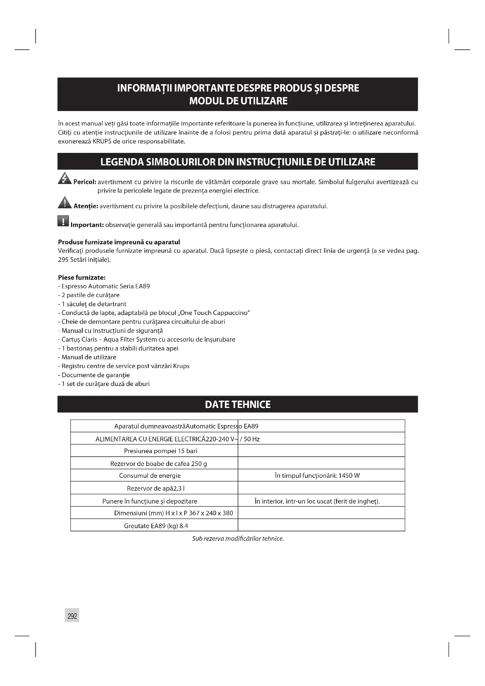 Important: observație generală sau importantă pentru funcționarea aparatului. Produse furnizate împreună cu aparatul Vericați produsele furnizate împreună cu aparatul. Dacă lipsește o piesă, contactați direct linia de urgență (a se vedea pag. 295 Setări inițiale). Piese furnizate: - Espresso Automatic Seria EA89 - 2 pastile de curățare - 1 săculeț de detartrant - Conductă de lapte, adaptabilă pe blocul „One Touch Cappuccino” - Cheie de demontare pentru curățarea circuitului de aburi - Manual cu instrucțiuni de siguranță - Cartuș Claris – Aqua Filter System cu accesoriu de înșurubare - 1 bastonaș pentru a stabili duritatea apei - Manual de utilizare - Registru centre de service post vânzări Krups - Documente de garanție - 1 set de curățare duză de aburi DATE TEHNICE Aparatul dumneavoastră Automatic Espresso EA89 ALIMENTAREA CU ENERGIE ELECTRICĂ 220-240 V~ / 50 Hz Presiunea pompei 15 bari Rezervor de boabe de cafea 250 g Consumul de energie În timpul funcționării: 1450 W Rezervor de apă 2,3 l Punere în funcțiune și depozitare În interior, într-un loc uscat (ferit de îngheț). Dimensiuni (mm) H x l x P 367 x 240 x 380 Greutate EA89 (kg) 8.4 Sub rezerva modicărilor tehnice.DESCRIEREA APARATULUI A Mâner capac rezervor de apăB Rezervor de apăC Vas colector zaț de cafea D Ieșiri pentru cafea, cu înălțime reglabilă E Grătar și recipient pentru picături F Capac rezervor de boabe de cafeaG Bloc detașabil One Touch Cappuccino H Conductă de lapte și mixer I Flotor nivel de apă Rezervor de boabe de cafeaJ Buton de reglare a neții de măcinareK Tub de alimentare pastilă de curățareL Accesoriu pentru măcinare cu pietre metalice Panou de comandăM EcranN Tastă „pornire/oprire”O Taste tactilePrecizări: Recipientul pentru picături: permite recuperarea apei sau a cafelei care se scurge din aparat în timpul și după prepararea băuturilor. Este important să îl lăsați în locașul său și să îl goliți periodic.
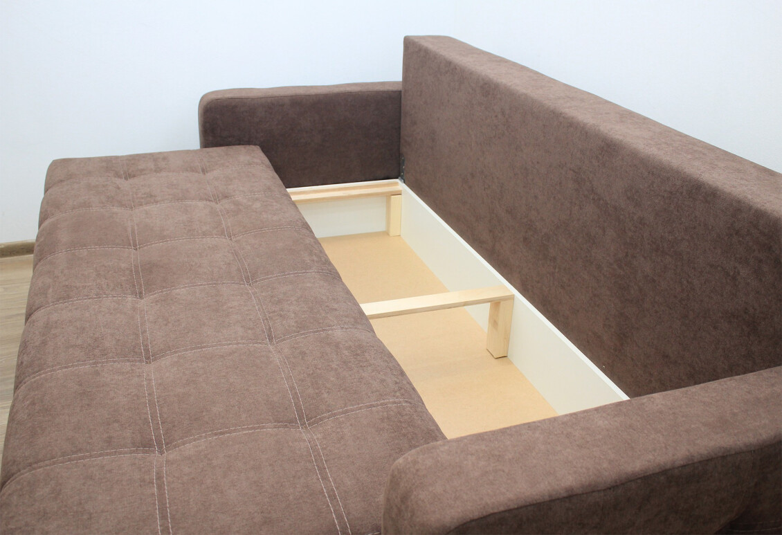 Трансформація механізму здійснюється шляхом виведення сидіння на себе (викатний або крокуючий спосіб), внаслідок чого звільняється місце з вмісткою нішею з-під сидіння. Тоді легко опускається спинка дивану і утворюється рівне спальне місце.
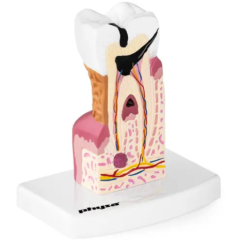 Cette maquette constitue une reproduction fidèle de la molaire humaine, réalisée à l’échelle 6:1. Les trois sections de la dent — couronne, collet, racine — y sont illustrées, au même titre que les structures internes telles que la dentine et la pulpe. De plus, les nerfs et les vaisseaux sanguins y sont illustrés avec un grand réalisme, tout comme certaines affections courantes comme la carie et la pulpite.
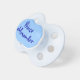 This personalized custom pacifier for baby boys says "Prince Alexander." It's darker letters on a blue background.
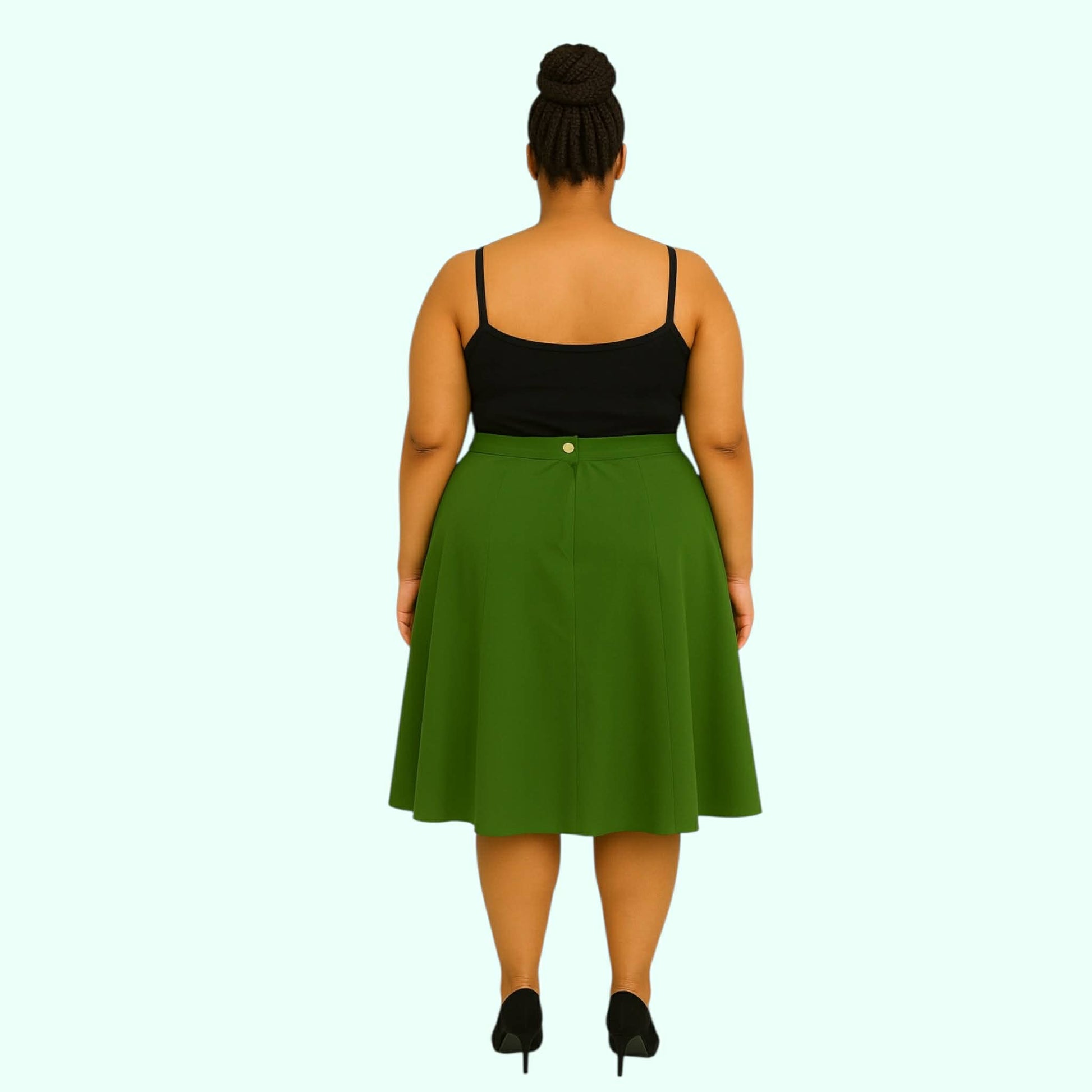This vibrant green calf-length skirt offers a clean, flattering silhouette with a smooth waistband and subtle flare. Featuring a back zipper with button closure, it combines comfort and style in one versatile piece. Pair it with a blouse, tee, or jacket for an easy transition from day to evening.
┄┄┄┄┄┄┄┄┄┄┄┄┄┄┄┄┄┄┄┄
# Work request:
Above are the records; reproduce them exactly and leave out the pictures.

# Answer box:
 Important: observație generală sau importantă pentru funcționarea aparatului. Produse furnizate împreună cu aparatul Vericați produsele furnizate împreună cu aparatul. Dacă lipsește o piesă, contactați direct linia de urgență (a se vedea pag. 295 Setări inițiale). Piese furnizate: - Espresso Automatic Seria EA89 - 2 pastile de curățare - 1 săculeț de detartrant - Conductă de lapte, adaptabilă pe blocul „One Touch Cappuccino” - Cheie de demontare pentru curățarea circuitului de aburi - Manual cu instrucțiuni de siguranță - Cartuș Claris – Aqua Filter System cu accesoriu de înșurubare - 1 bastonaș pentru a stabili duritatea apei - Manual de utilizare - Registru centre de service post vânzări Krups - Documente de garanție - 1 set de curățare duză de aburi DATE TEHNICE Aparatul dumneavoastră Automatic Espresso EA89 ALIMENTAREA CU ENERGIE ELECTRICĂ 220-240 V~ / 50 Hz Presiunea pompei 15 bari Rezervor de boabe de cafea 250 g Consumul de energie În timpul funcționării: 1450 W Rezervor de apă 2,3 l Punere în funcțiune și depozitare În interior, într-un loc uscat (ferit de îngheț). Dimensiuni (mm) H x l x P 367 x 240 x 380 Greutate EA89 (kg) 8.4 Sub rezerva modicărilor tehnice.DESCRIEREA APARATULUI A Mâner capac rezervor de apăB Rezervor de apăC Vas colector zaț de cafea D Ieșiri pentru cafea, cu înălțime reglabilă E Grătar și recipient pentru picături F Capac rezervor de boabe de cafeaG Bloc detașabil One Touch Cappuccino H Conductă de lapte și mixer I Flotor nivel de apă Rezervor de boabe de cafeaJ Buton de reglare a neții de măcinareK Tub de alimentare pastilă de curățareL Accesoriu pentru măcinare cu pietre metalice Panou de comandăM EcranN Tastă „pornire/oprire”O Taste tactilePrecizări: Recipientul pentru picături: permite recuperarea apei sau a cafelei care se scurge din aparat în timpul și după prepararea băuturilor. Este important să îl lăsați în locașul său și să îl goliți periodic.
 Трансформація механізму здійснюється шляхом виведення сидіння на себе (викатний або крокуючий спосіб), внаслідок чого звільняється місце з вмісткою нішею з-під сидіння. Тоді легко опускається спинка дивану і утворюється рівне спальне місце.
 Cette maquette constitue une reproduction fidèle de la molaire humaine, réalisée à l’échelle 6:1. Les trois sections de la dent — couronne, collet, racine — y sont illustrées, au même titre que les structures internes telles que la dentine et la pulpe. De plus, les nerfs et les vaisseaux sanguins y sont illustrés avec un grand réalisme, tout comme certaines affections courantes comme la carie et la pulpite.
 This personalized custom pacifier for baby boys says "Prince Alexander." It's darker letters on a blue background.
This vibrant green calf-length skirt offers a clean, flattering silhouette with a smooth waistband and subtle flare. Featuring a back zipper with button closure, it combines comfort and style in one versatile piece. Pair it with a blouse, tee, or jacket for an easy transition from day to evening.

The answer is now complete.